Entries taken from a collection
Segment Open
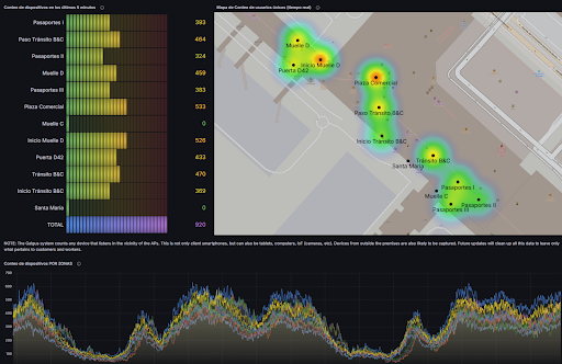 • Dashboards de analítica en Grafana: visualización en tiempo real de ocupación por zonas, rutas más frecuentes y tiempos de permanencia.
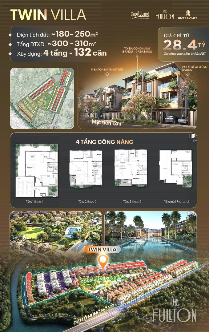 Biệt Thự Song Lập Vip The Fullton - Thiết kế độc bản & Tối ưu công năng - Siêu phẩm Limited - Tiêu chuẩn khép kín an ninh 24/24 Diện tích 180m2 x 4 tầng x mặt tiền 12m. - Thiết kế độc bản, tối ưu công năng - Sẵn ô chờ thang máy, khoảng thông tầng duplex - Gara Oto trong nhà. - Có riêng toà văn phòng, trường học phục vụ cư dân. - CĐT có riêng club Fullhaus với khu mua sắm, vui chơi giải trí ăn uống phục vụ riêng cho cư dân. - Kết nối siêu nhanh đến Quốc lộ 5A, cao tốc 5B, TTTM, bệnh viện Vinmec. - Chủ Đầu Tư: Capitaland. - Pháp lý: Sổ đỏ lâu dài. - LH Mr Đức ( Booking chiết khấu 330 triệu thẳng vào giá bán )Đặc điểm nổi bậtDiện tích :180m2Mặt tiền :12mGiá :28,4 tỷSố tầng :4 tầngPhòng ngủ :5 phòngPhòng tắm :5 phòngĐường vào :15m
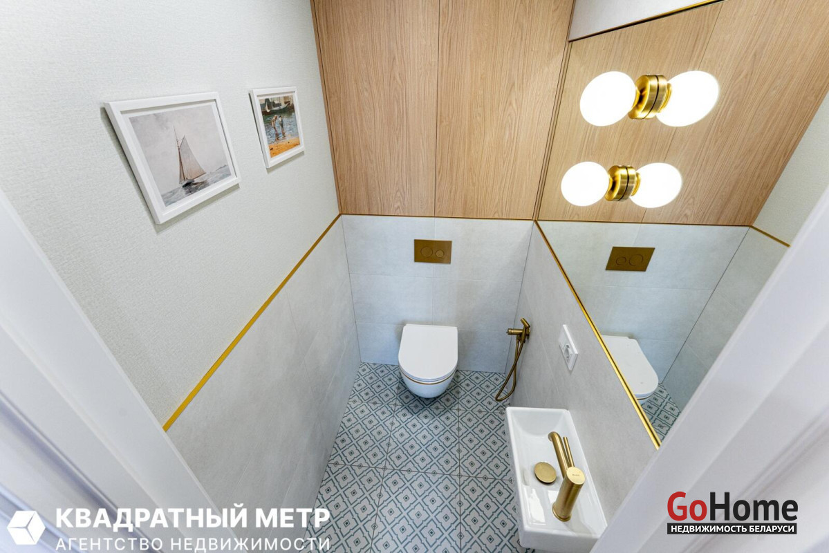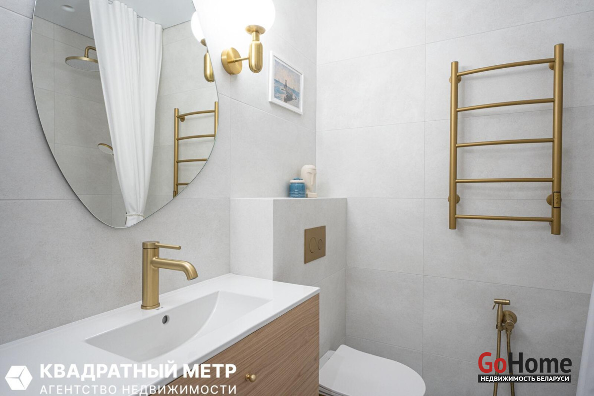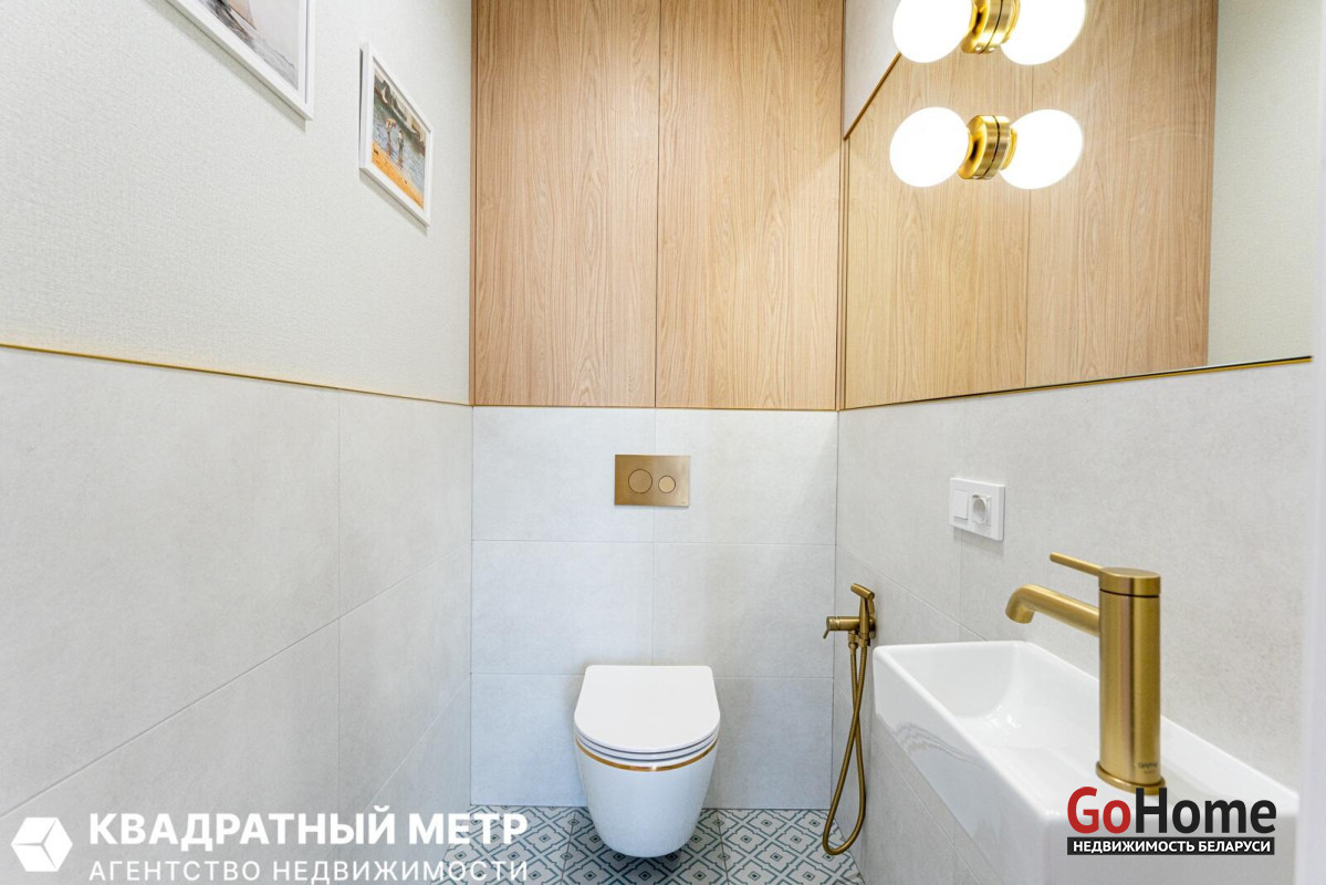 Раздельный санузел с ванной и бойлером, гигиеническим душем, а также встроенной мебелью и стильной сантехникой, добавят комфорта проживанию.
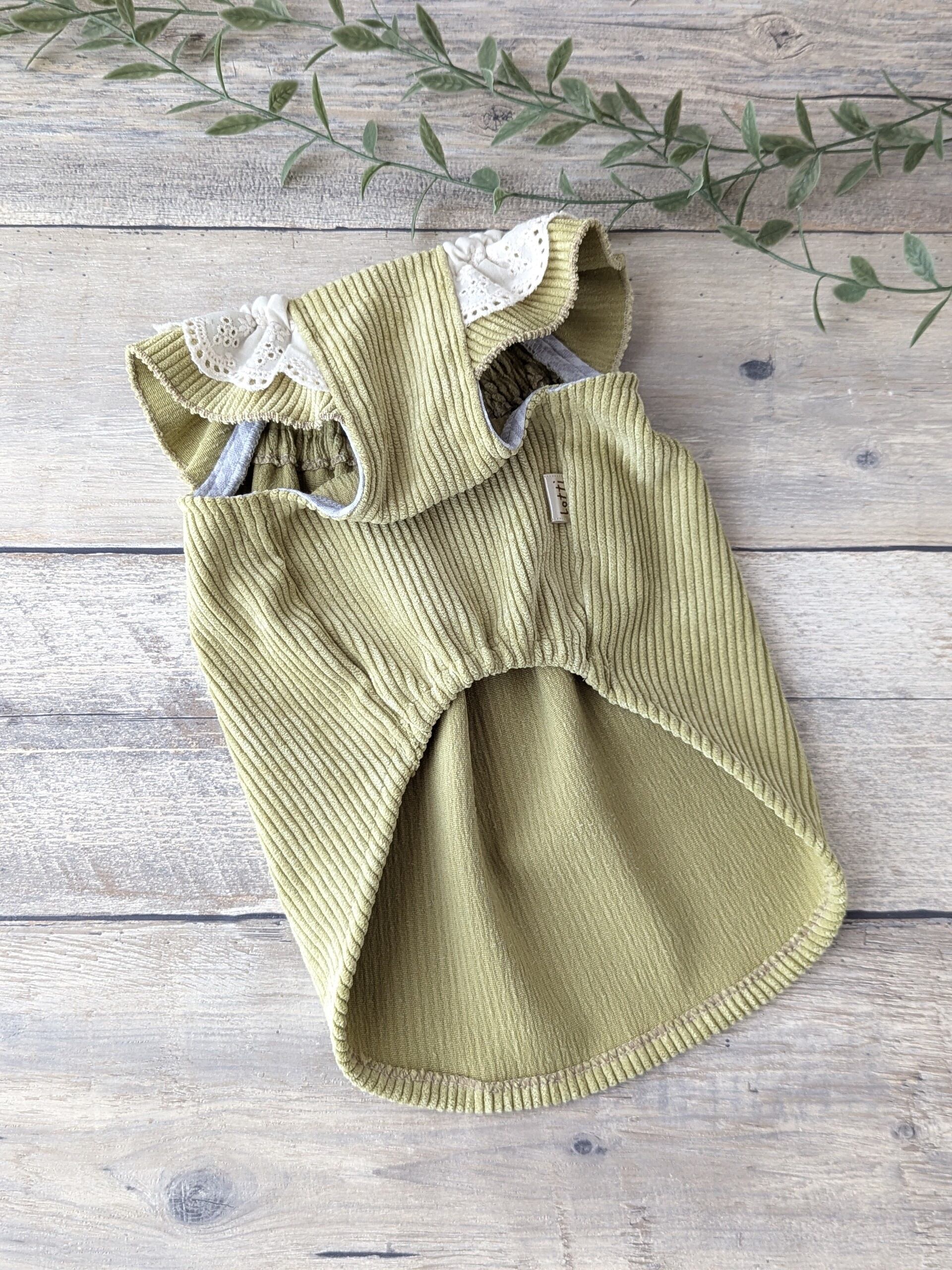 【3Sサイズ】首がぐいーんとコーデュロイスモック うぐいす色
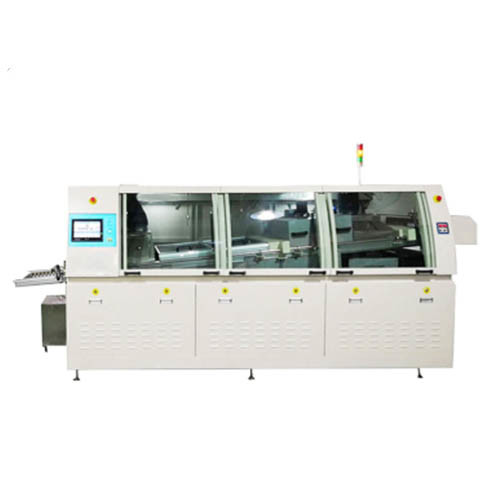 PCB dengan komponen yang terpasang secara otomatis dimasukkan ke dalam sistem konveyor rantai, melewati proses penyemprotan fluks, pemanasan awal, penyolderan gelombang, dan pendinginan sebelum keluar dari sistem.
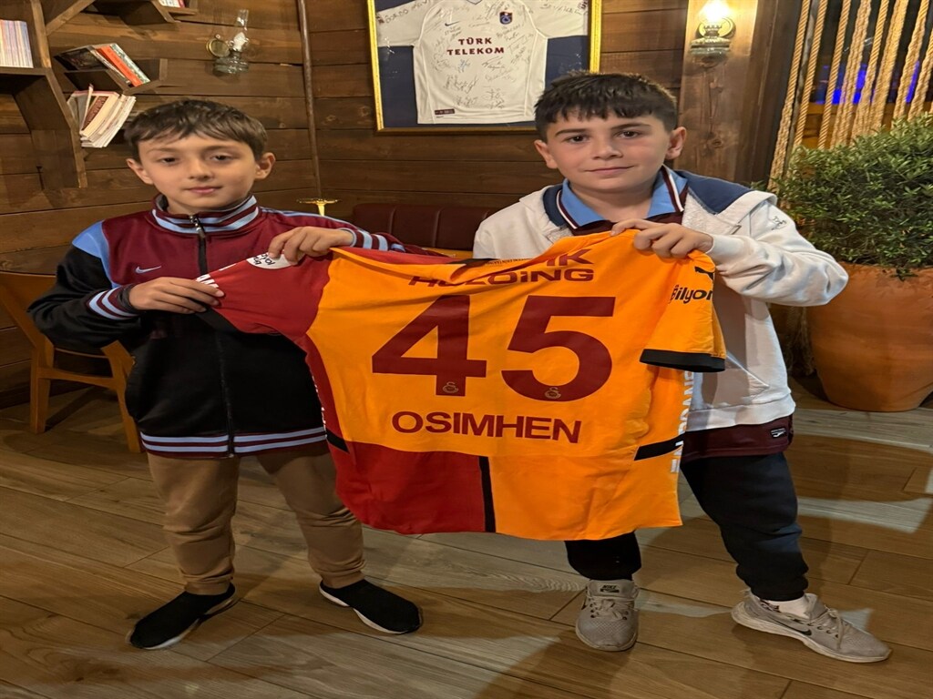 Karşılaşmanın ardından 11 yaşındaki Trabzonspor taraftarı Mert Yılmaz, sahada dikkatini çeken Osimhen’e seslendi. Genç oyuncu, Mert Yılmaz’ın çağrısına kayıtsız kalmadı ve formasını ona uzattı. Küçük taraftarın sevinci kısa sürede yerini bir başka heyecana bıraktı. Mert Yılmaz, kendisine verilen formayı, Almanya’nın Bremen kentinden özel olarak bu maç için Trabzon’a gelen Şahin Karaarslan’a verdi.
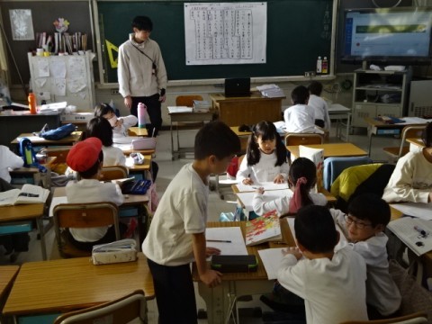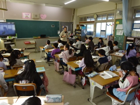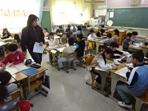 国語で「ことばを楽しもう」の学習をしました。教科書に記載されている回文を全員で声をそろえて何度も繰り返して読んでいきました。
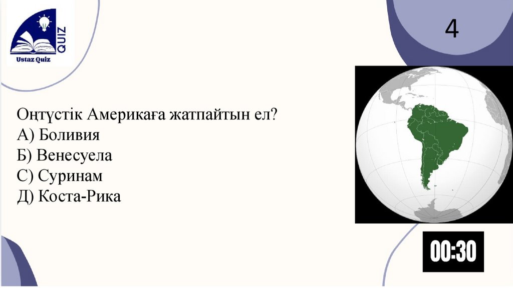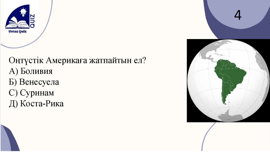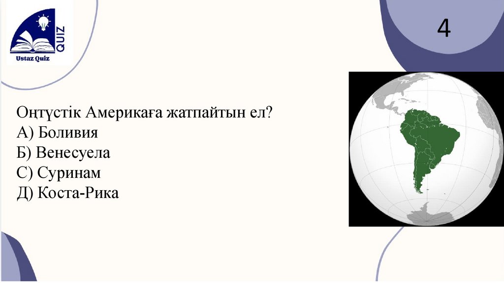 4Оңтүстік Америкаға жатпайтын ел?
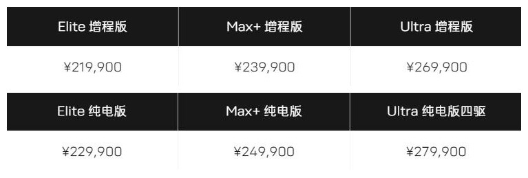 此外,Elite 后驱增程版 39.05kWh)和(Max+ 后驱增程版 39.05kWh)可选装(52.01度电池组);(Ultra 后驱增程版 52.01kWh)可选装(前后双电机动力系统)。
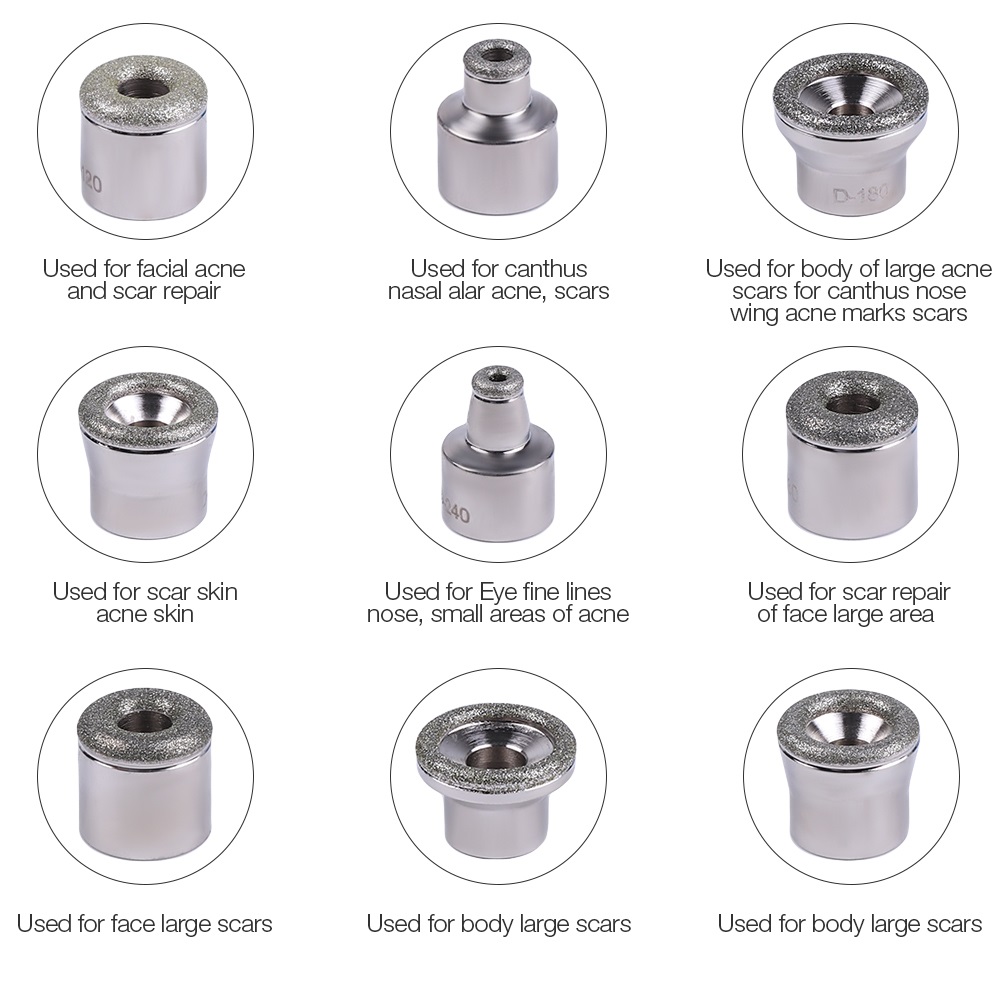 2. According to different skin, there are three kinds of grinding heads: small, medium and large. The matching micro-carving head is made of stainless steel instead of aluminum.
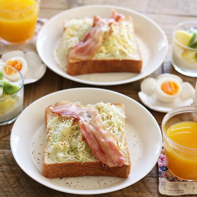 朝ごはんにキャベツトーストのベーコン乗せ
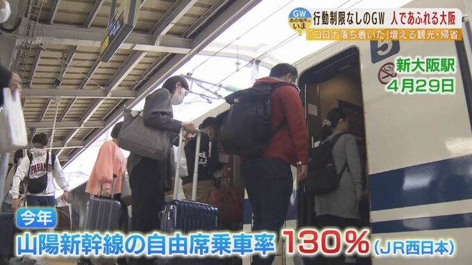 今年はホーム上に大勢の人がいるなど賑わい、JR西日本によりますと、連休初日の4月29日の自由席乗車率は、山陽新幹線で最大で130%となりました。
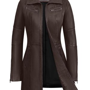 halflange leren dames jas 312 bruin Versano
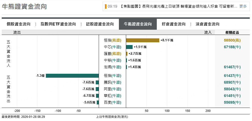 恒指熊證上日流入8100萬元,中芯牛證流入1500萬元,滙豐熊證流入270萬元。
Segment Closed
• **WORK INSTRUCTIONS**
A word-for-word copy of the entries above is what is needed, without any images.

• **TASK RESPONSE**
 • Dashboards de analítica en Grafana: visualización en tiempo real de ocupación por zonas, rutas más frecuentes y tiempos de permanencia.
 Biệt Thự Song Lập Vip The Fullton - Thiết kế độc bản & Tối ưu công năng - Siêu phẩm Limited - Tiêu chuẩn khép kín an ninh 24/24 Diện tích 180m2 x 4 tầng x mặt tiền 12m. - Thiết kế độc bản, tối ưu công năng - Sẵn ô chờ thang máy, khoảng thông tầng duplex - Gara Oto trong nhà. - Có riêng toà văn phòng, trường học phục vụ cư dân. - CĐT có riêng club Fullhaus với khu mua sắm, vui chơi giải trí ăn uống phục vụ riêng cho cư dân. - Kết nối siêu nhanh đến Quốc lộ 5A, cao tốc 5B, TTTM, bệnh viện Vinmec. - Chủ Đầu Tư: Capitaland. - Pháp lý: Sổ đỏ lâu dài. - LH Mr Đức ( Booking chiết khấu 330 triệu thẳng vào giá bán )Đặc điểm nổi bậtDiện tích :180m2Mặt tiền :12mGiá :28,4 tỷSố tầng :4 tầngPhòng ngủ :5 phòngPhòng tắm :5 phòngĐường vào :15m
 Раздельный санузел с ванной и бойлером, гигиеническим душем, а также встроенной мебелью и стильной сантехникой, добавят комфорта проживанию.
 【3Sサイズ】首がぐいーんとコーデュロイスモック うぐいす色
 PCB dengan komponen yang terpasang secara otomatis dimasukkan ke dalam sistem konveyor rantai, melewati proses penyemprotan fluks, pemanasan awal, penyolderan gelombang, dan pendinginan sebelum keluar dari sistem.
 Karşılaşmanın ardından 11 yaşındaki Trabzonspor taraftarı Mert Yılmaz, sahada dikkatini çeken Osimhen’e seslendi. Genç oyuncu, Mert Yılmaz’ın çağrısına kayıtsız kalmadı ve formasını ona uzattı. Küçük taraftarın sevinci kısa sürede yerini bir başka heyecana bıraktı. Mert Yılmaz, kendisine verilen formayı, Almanya’nın Bremen kentinden özel olarak bu maç için Trabzon’a gelen Şahin Karaarslan’a verdi.
 国語で「ことばを楽しもう」の学習をしました。教科書に記載されている回文を全員で声をそろえて何度も繰り返して読んでいきました。
 4Оңтүстік Америкаға жатпайтын ел?
 此外,Elite 后驱增程版 39.05kWh)和(Max+ 后驱增程版 39.05kWh)可选装(52.01度电池组);(Ultra 后驱增程版 52.01kWh)可选装(前后双电机动力系统)。
 2. According to different skin, there are three kinds of grinding heads: small, medium and large. The matching micro-carving head is made of stainless steel instead of aluminum.
 朝ごはんにキャベツトーストのベーコン乗せ
 今年はホーム上に大勢の人がいるなど賑わい、JR西日本によりますと、連休初日の4月29日の自由席乗車率は、山陽新幹線で最大で130%となりました。
 halflange leren dames jas 312 bruin Versano
 恒指熊證上日流入8100萬元,中芯牛證流入1500萬元,滙豐熊證流入270萬元。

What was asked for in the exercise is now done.